Michel Pommainville célèbre des messes dans une église vide mais elles sont diffusées sur le site Facebook de la paroisse Saint-Jacques.
Michel Pommainville célèbre des messes dans une église vide mais elles sont diffusées sur le site Facebook de la paroisse Saint-Jacques.

Les fidèles impatients de retourner dans leur église

Plusieurs citoyens de l’Est ontarien sont impatients de pouvoir remettre les pieds dans leur lieu de culte préféré, témoigne un curé d’Embrun.

«Je prends des marches presque tous les soirs. C’est arrivé à plusieurs reprises que les gens soient sur leurs balcons ou dans leurs cours et me disent à quel point ils ont hâte que l’église rouvre. Ils ont hâte de revenir à la messe», souligne l’abbé de la paroisse Saint-Jacques, Michel Pommainville.

En temps normal, les trois messes présentées à la paroisse Saint-Jacques chaque week-end rassemblent en moyenne entre 400 et 450 personnes. Cela dit, les paroissiens ne sont pas en reste pendant que leur église demeure inaccessible jusqu’à nouvel ordre, rappelle le curé. Comme dans plusieurs autres lieux de culte dans l’Est ontarien, la paroisse Saint-Jacques offre les messes en format virtuel sur sa page Facebook. «Notre cote d’écoute varie. Il y a ceux qui regardent les messes en direct, mais en ajoutant ceux qui ont écouté en rediffusion ou partagé la vidéo, on a atteint plus de 1700 personnes dimanche dernier. J’ai même des amis qui écoutaient la messe en direct de Floride.»
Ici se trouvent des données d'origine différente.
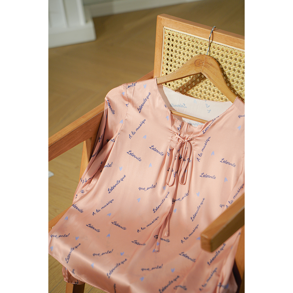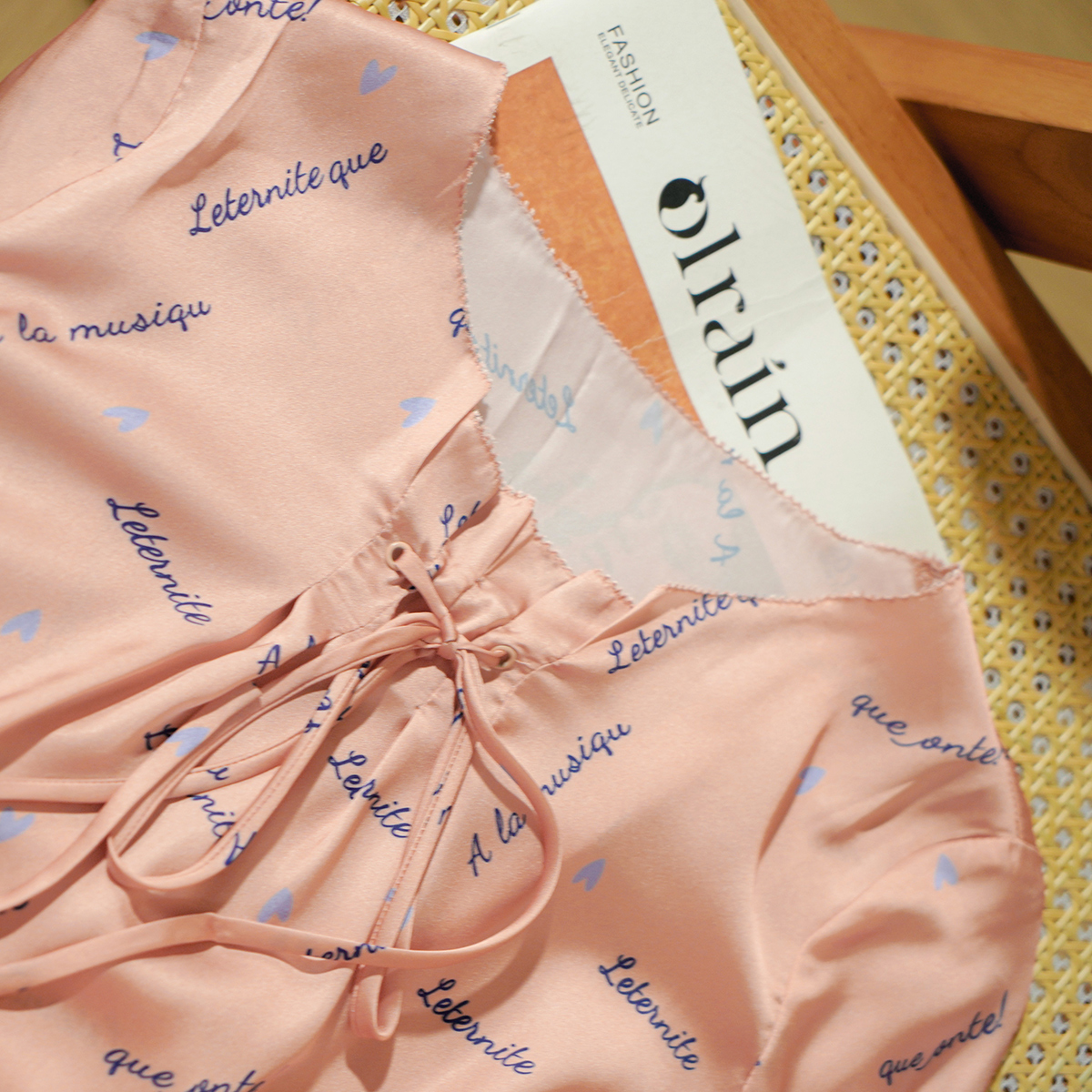 OLrain欧芮儿法式玫粉色短袖T恤女夏季2023新款宽松重工印花上衣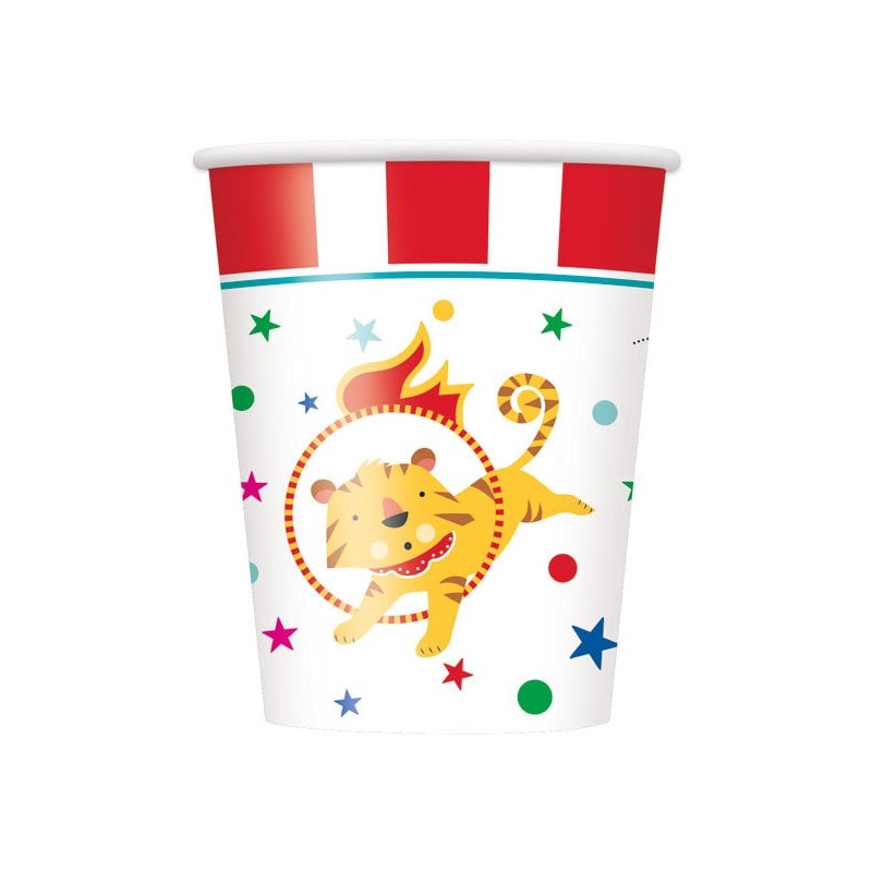 Bicchieri in carta del Coordinato Circus Carnival. Abbinali agli altri articoli del coordinato per una decorazione completa!

Même si l’engouement des cérémonies en ligne est indéniable, l’abbé Pommainville doute que le service puisse être toujours offert une fois la pandémie terminée, par manque de ressource. «Présentement, c’est un bénévole qui s’occupe de la diffusion en ligne. Il s’est offert pendant que l’église est fermée. Ça reste à voir s’il y a une possibilité de continuer.»

Mais pour l’instant, c’est le statu quo en ce qui a trait aux cérémonies religieuses en personne et dans les lieux de cultes. «On attend des recommandations du diocèse qui lui attend des directives de la Santé publique. Ça s’enchaîne. On a eu des consignes il y a quelques semaines, mais ça va sûrement changer. Pour le moment, on ne peut que faire les étapes de base.» L’abbé souligne que des bénévoles et lui-même s’affairent déjà à installer des distributeurs de désinfectant pour les mains à l’entrée de l’église pour être fin prêts lorsque la province donnera son signal. «On essaie de prévoir les choses. On est choyés parce que l’église est quand même très grande. On va pouvoir accueillir peut-être un peu plus de personnes que les plus petites paroisses.»